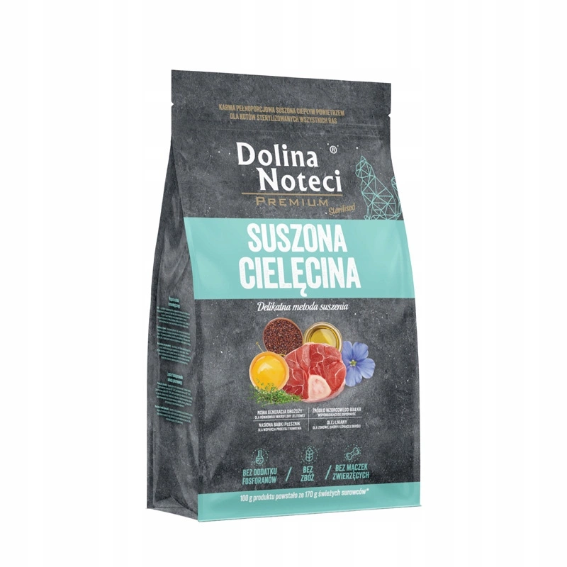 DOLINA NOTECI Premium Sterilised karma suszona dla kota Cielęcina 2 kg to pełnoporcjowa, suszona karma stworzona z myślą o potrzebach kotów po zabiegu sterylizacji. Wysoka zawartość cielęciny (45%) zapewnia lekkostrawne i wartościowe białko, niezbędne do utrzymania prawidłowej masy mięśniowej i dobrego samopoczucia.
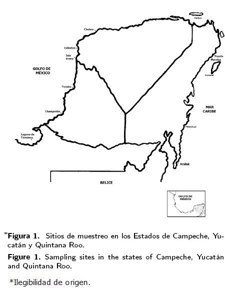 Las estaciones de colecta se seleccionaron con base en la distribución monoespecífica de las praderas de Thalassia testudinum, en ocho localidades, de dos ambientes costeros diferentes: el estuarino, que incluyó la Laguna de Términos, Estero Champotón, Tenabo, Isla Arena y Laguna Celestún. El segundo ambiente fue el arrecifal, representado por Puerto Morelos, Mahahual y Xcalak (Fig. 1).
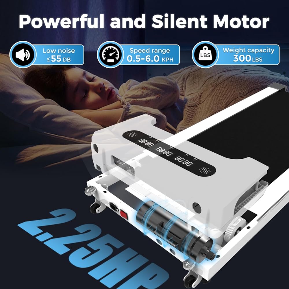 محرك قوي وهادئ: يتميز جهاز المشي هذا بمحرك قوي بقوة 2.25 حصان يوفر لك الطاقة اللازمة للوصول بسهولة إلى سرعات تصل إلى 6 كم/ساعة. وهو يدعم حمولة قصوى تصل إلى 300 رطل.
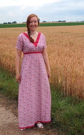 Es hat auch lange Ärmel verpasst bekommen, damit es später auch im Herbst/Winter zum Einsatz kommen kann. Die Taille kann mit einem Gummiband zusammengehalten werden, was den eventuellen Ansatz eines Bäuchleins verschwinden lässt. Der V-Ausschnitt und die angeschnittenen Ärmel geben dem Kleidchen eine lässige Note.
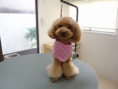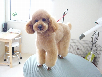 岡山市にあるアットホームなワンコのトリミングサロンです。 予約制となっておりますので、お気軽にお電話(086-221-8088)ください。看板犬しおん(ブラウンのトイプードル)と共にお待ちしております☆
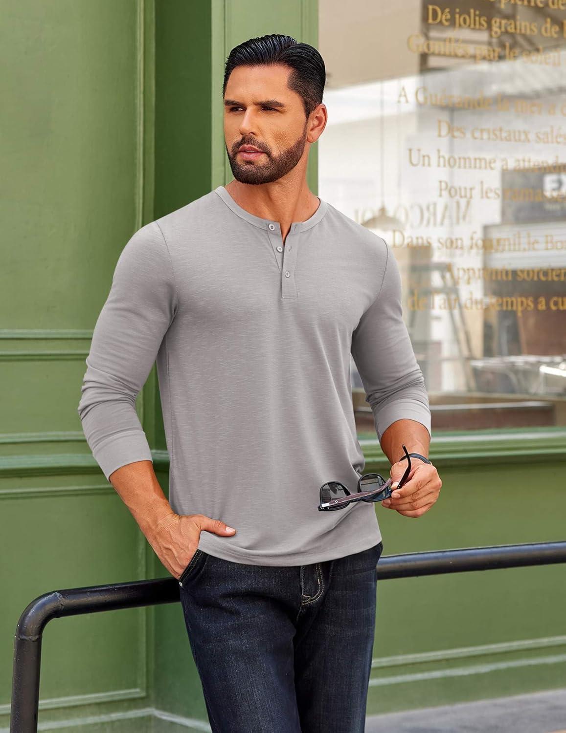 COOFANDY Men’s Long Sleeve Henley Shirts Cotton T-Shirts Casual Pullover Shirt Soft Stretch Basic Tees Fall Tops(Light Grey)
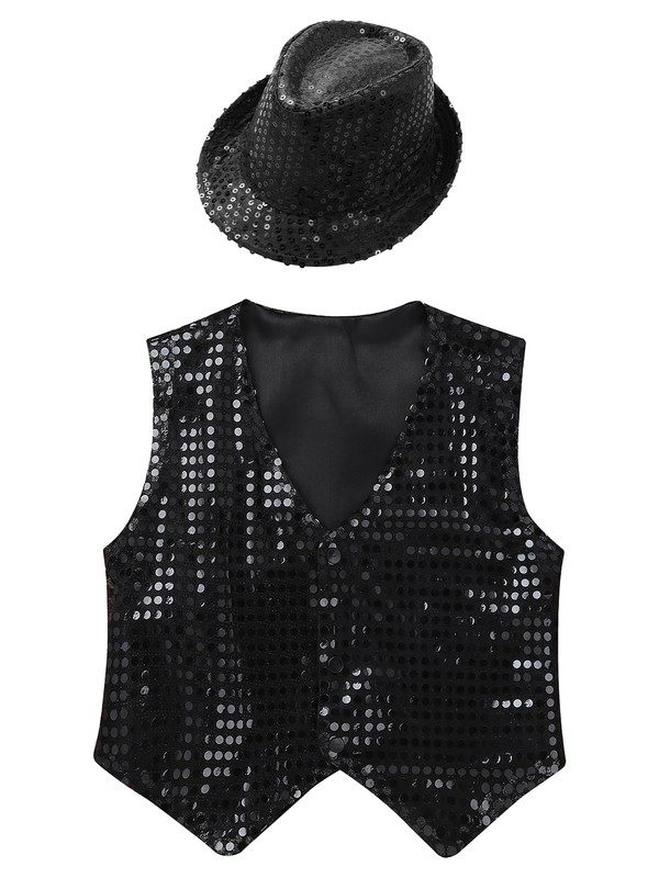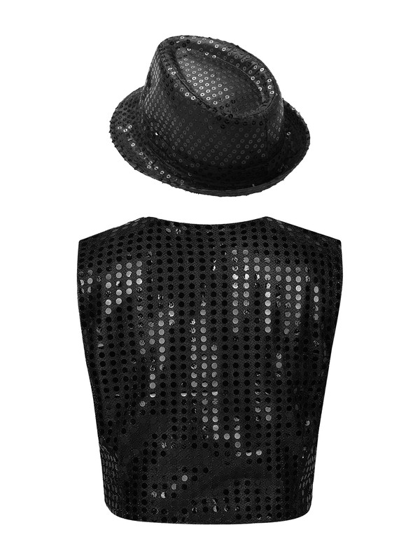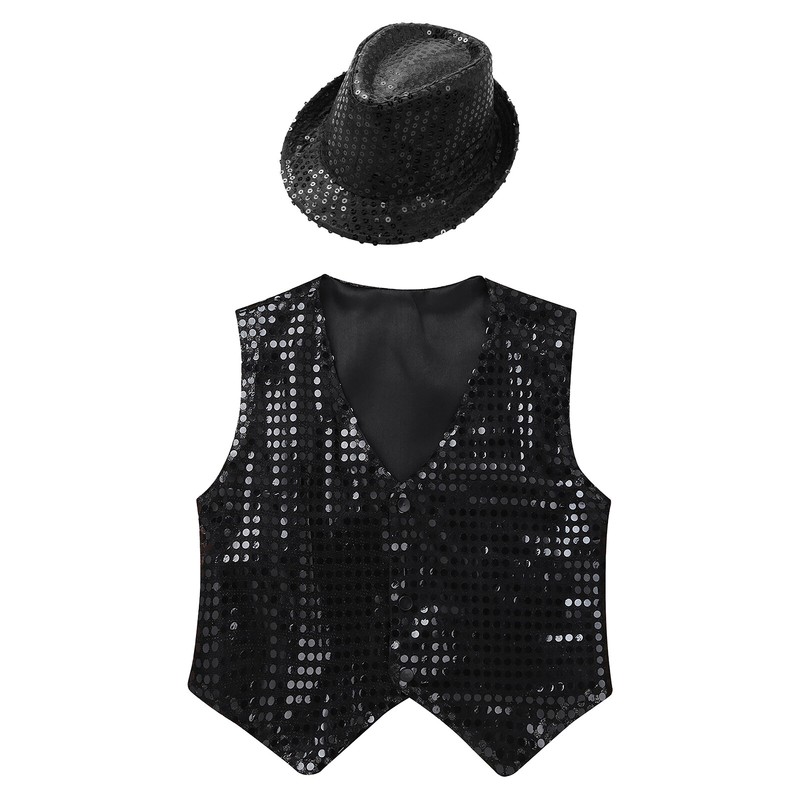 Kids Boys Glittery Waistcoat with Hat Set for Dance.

————

* **What you are asked to do**
In the answer, include exactly the lines from the top of the entries through the line containing "Las estaciones de", and nothing else, not even the pictures.

* **Output of the task**
 DOLINA NOTECI Premium Sterilised karma suszona dla kota Cielęcina 2 kg to pełnoporcjowa, suszona karma stworzona z myślą o potrzebach kotów po zabiegu sterylizacji. Wysoka zawartość cielęciny (45%) zapewnia lekkostrawne i wartościowe białko, niezbędne do utrzymania prawidłowej masy mięśniowej i dobrego samopoczucia.
 Las estaciones de colecta se seleccionaron con base en la distribución monoespecífica de las praderas de Thalassia testudinum, en ocho localidades, de dos ambientes costeros diferentes: el estuarino, que incluyó la Laguna de Términos, Estero Champotón, Tenabo, Isla Arena y Laguna Celestún. El segundo ambiente fue el arrecifal, representado por Puerto Morelos, Mahahual y Xcalak (Fig. 1).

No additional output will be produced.